Source data.
****************************************
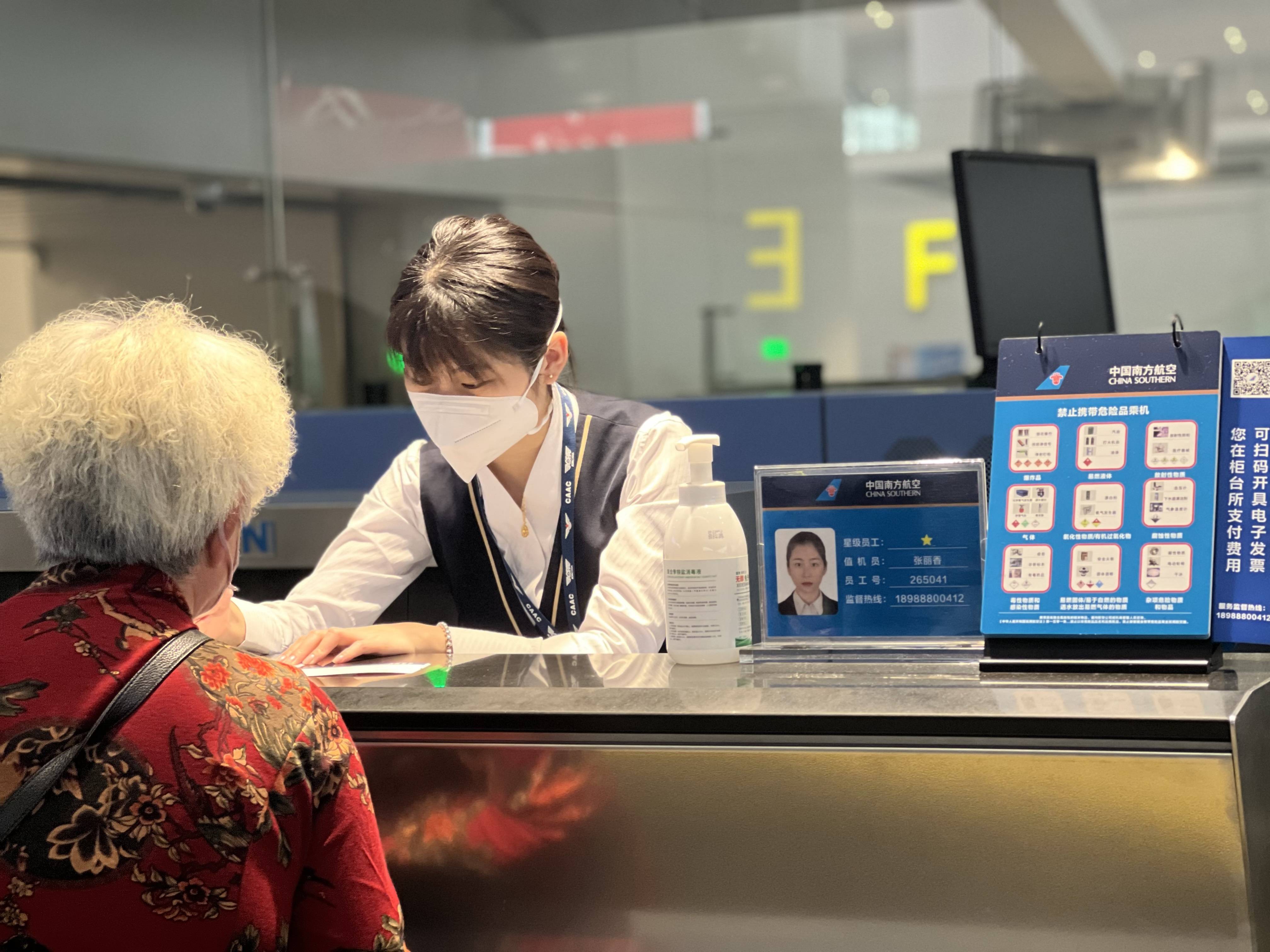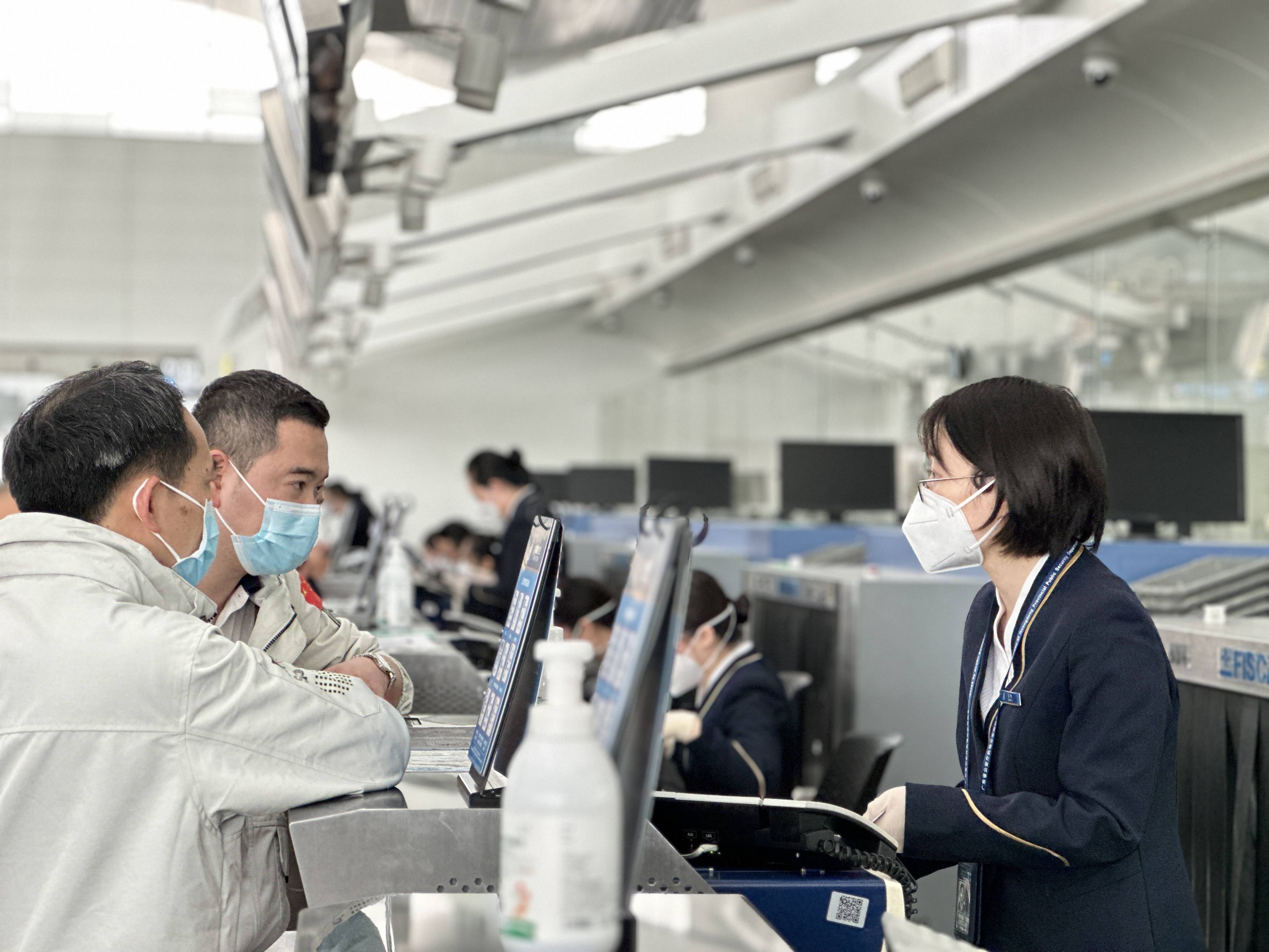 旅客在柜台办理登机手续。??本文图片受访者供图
****************************************
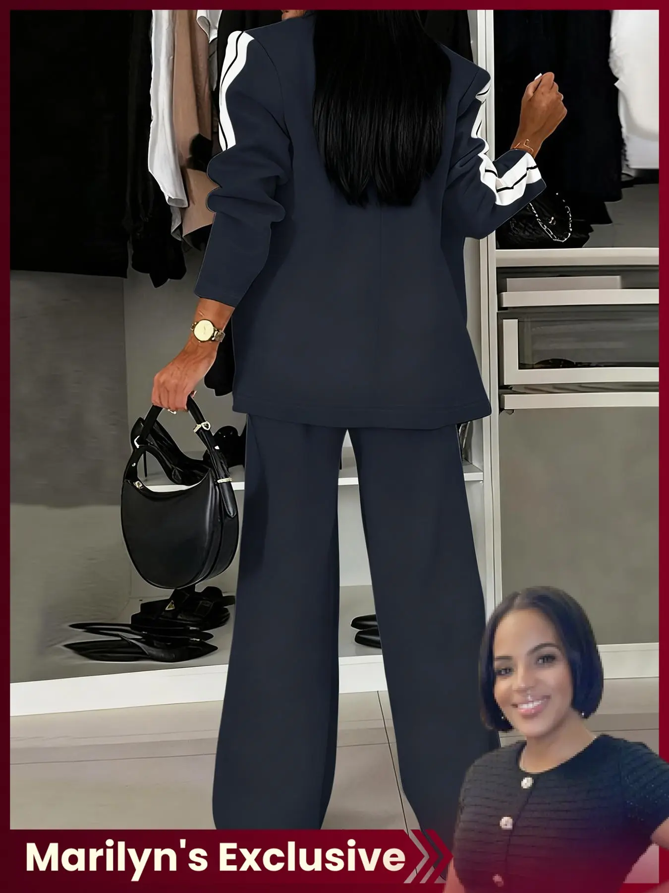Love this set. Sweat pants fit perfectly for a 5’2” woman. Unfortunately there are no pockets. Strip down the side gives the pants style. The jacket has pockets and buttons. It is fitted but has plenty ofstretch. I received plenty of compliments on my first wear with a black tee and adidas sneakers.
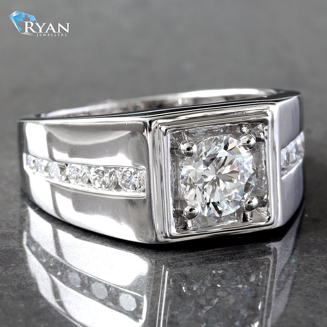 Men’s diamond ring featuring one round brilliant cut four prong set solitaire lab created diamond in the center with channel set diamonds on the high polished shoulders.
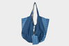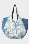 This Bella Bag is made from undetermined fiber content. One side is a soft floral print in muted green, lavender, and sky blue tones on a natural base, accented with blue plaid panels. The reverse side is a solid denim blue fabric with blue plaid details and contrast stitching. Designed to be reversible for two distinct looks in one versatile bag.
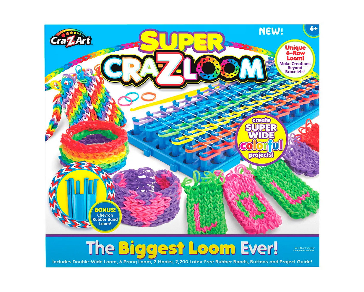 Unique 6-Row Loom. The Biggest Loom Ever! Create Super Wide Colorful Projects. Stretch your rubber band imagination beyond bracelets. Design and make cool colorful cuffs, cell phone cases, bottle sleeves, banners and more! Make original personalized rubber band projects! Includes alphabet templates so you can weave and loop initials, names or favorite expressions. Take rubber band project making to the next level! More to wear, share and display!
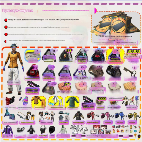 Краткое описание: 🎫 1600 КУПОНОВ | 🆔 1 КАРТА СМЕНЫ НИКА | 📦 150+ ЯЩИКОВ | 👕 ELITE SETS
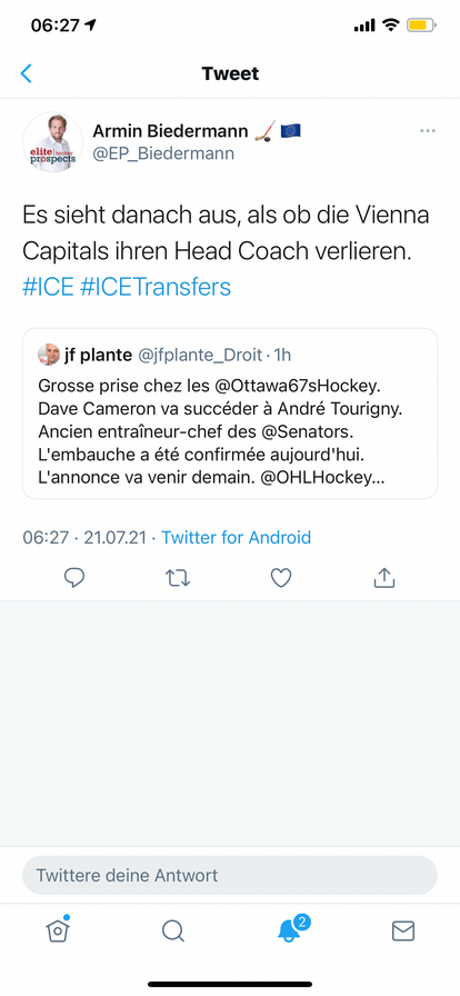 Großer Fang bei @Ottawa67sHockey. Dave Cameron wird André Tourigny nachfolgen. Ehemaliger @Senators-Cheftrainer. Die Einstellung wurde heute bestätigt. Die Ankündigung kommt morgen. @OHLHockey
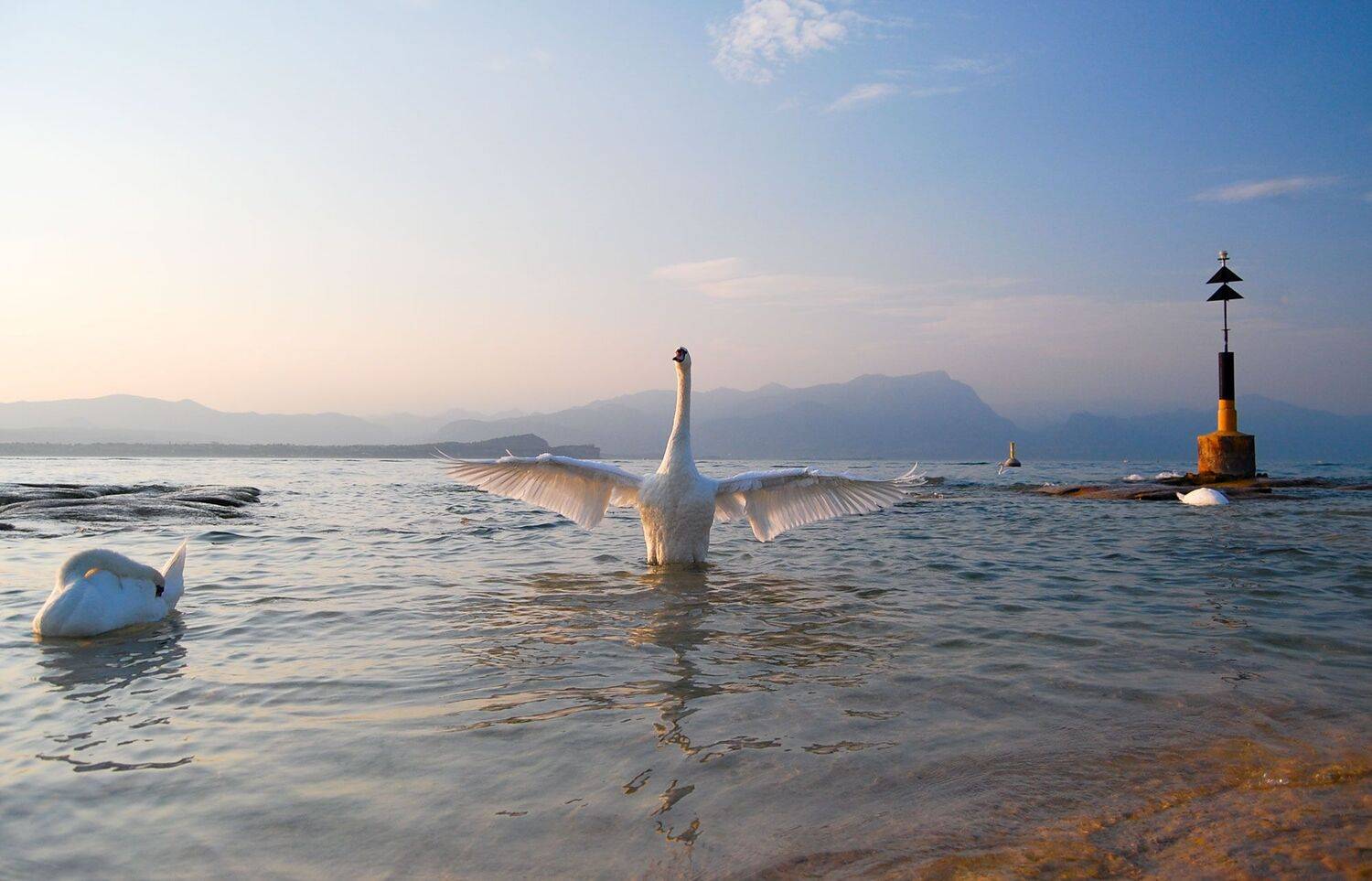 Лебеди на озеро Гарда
****************************************
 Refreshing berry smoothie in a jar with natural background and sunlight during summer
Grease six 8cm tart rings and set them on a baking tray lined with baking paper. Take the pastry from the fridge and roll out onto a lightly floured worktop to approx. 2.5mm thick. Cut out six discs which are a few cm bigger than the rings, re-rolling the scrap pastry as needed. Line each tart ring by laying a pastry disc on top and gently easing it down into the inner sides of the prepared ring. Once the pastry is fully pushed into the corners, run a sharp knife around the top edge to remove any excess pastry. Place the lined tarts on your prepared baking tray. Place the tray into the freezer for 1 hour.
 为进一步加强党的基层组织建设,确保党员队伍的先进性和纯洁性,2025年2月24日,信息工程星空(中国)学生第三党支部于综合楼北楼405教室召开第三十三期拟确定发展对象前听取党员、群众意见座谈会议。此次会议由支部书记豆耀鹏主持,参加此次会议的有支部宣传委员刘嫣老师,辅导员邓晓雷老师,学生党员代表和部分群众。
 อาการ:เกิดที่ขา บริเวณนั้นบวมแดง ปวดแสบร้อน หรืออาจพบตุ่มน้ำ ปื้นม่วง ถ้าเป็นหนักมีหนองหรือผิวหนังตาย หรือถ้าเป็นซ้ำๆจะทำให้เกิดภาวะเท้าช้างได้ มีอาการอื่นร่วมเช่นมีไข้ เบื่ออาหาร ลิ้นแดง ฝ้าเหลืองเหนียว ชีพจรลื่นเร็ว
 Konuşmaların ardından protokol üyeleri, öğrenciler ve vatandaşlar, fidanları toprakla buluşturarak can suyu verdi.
****************************************
Your instructions.
Transcribe only this stretch of the data: the line with "Großer Fang bei", the line with "Лебеди на озеро Гарда", and every line in between. Leave out the pictures.

Exercise response.
 Großer Fang bei @Ottawa67sHockey. Dave Cameron wird André Tourigny nachfolgen. Ehemaliger @Senators-Cheftrainer. Die Einstellung wurde heute bestätigt. Die Ankündigung kommt morgen. @OHLHockey
 Лебеди на озеро Гарда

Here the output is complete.